How Scraperwiki works
Scraperwiki is not the only screen scraping tool out there. In fact, you can do simple scraping with Google Spreadsheets, the OutWit Firefox extension, or Yahoo! Pipes, to name just a few. And if you’ve never done scraping before, those are probably better places to start.
Scraperwiki is probably the next step up from those – giving you extra functionality and flexibility above and beyond merely scraping data to a spreadsheet.
The catch is that you will need to understand programming – not necessarily to be able to write it from scratch, but to be able to look at programming and make some educated guesses about ways to edit it to bring about a different result.
But then, as a journalist, you should be more than used to rewriting material to suit a particular objective – the skill is the same, right? Think of it as programming churnalism.
Even if you don’t understand programming, the site provides a range of tutorials to show you how it works – and it’s a good place to learn some basic programming even if you never use it to write a scraper, particularly as you can look at and adapt other scrapers, or find others to talk to about the process.
The biggest attraction for me of the site is the fact that you don’t have to fiddle around with setting up the programming environment that makes your code work – a particularly big hurdle to get over if you’re programming from scratch.

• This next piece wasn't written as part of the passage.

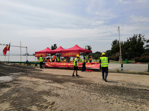 为切实做好环巢湖大道庐江段兆河大桥以西防汛抗洪工作,G329项目积极响应地方政府和上级单位号召,及时启动应急救援预案,成立应急领导小组,把防汛抗洪抢险救灾作为当前的优先工作,强化措施、落实责任,团结一心、众志成城,勇于承担企业社会责任,全力以赴做好防汛抗洪抢险救灾工作。
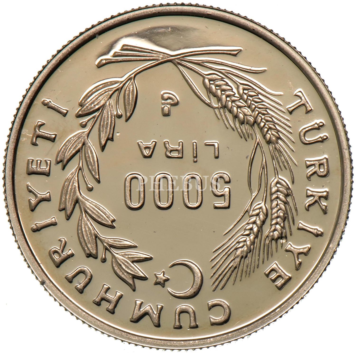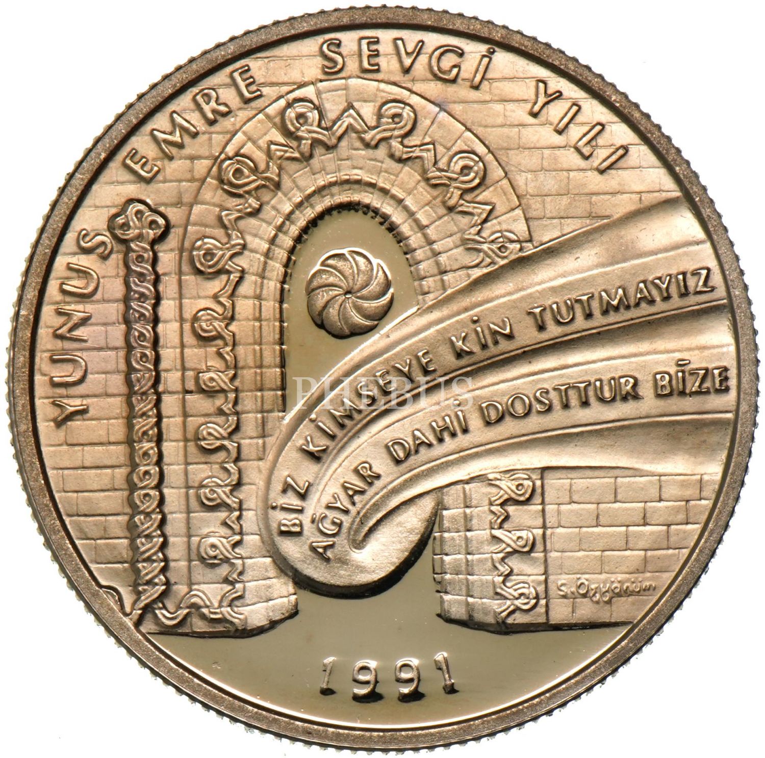 1991 Yunus Emre Sevgi Yılı 5000 lira NORMAL BASKI (Proof Bakır/Nikel) TR#H139

Of course, the more you understand about programming, the more you will be able to do – even to the extent of writing code from scratch. But remember that part of the skill of programming is being able to find code from elsewhere instead of having to write it all yourself. It’s about standing on the shoulders of giants as much as being a great Romantic original. Journalists could learn a lot from that ethos.
What else Scraperwiki does
If you want some data scraped, and don’t have the time or desire to learn how to write one, you can set a bounty for someone else to do it. You can also request a private scraper if there’s an exclusive in there you want to protect. In other words, it’s a marketplace for data scraping.
It is also a data repository – so even if you never scrape anything yourself, it’s worth subscribing to the RSS feed of the latest scrapers.
In a future post I’ll try to pick apart the code of a web scraper written in Python. But for now, if you have a free evening, have a play with the tutorials yourself.
Pingback: Recommended Links for July 7th | Alex Gamela - Digital Media & Journalism
This was a really useful post, thanks Paul. I’m going to the ScraperWiki event in Liverpool next week and really looking forward to learning lots.
Pingback: L’opendata dans tous ses états – Juillet II «
Pingback: What could a journalist do with ScraperWiki? A quick guide | Scraperwiki Data Blog
Pingback: ScraperWiki, Hacks and Hackers - fromCONCENTRATE
Try ScrapePro Web Scraper Designer instead of the useless XPath method.
I agree, scraping data has so many uses. It’s especially useful if you know of a few places you want to keep a watch on, but only want pieces of the data. You can then merge the data from multiple places and store in a database to output later. Like you said – this type of sorting is especially useful for journalism.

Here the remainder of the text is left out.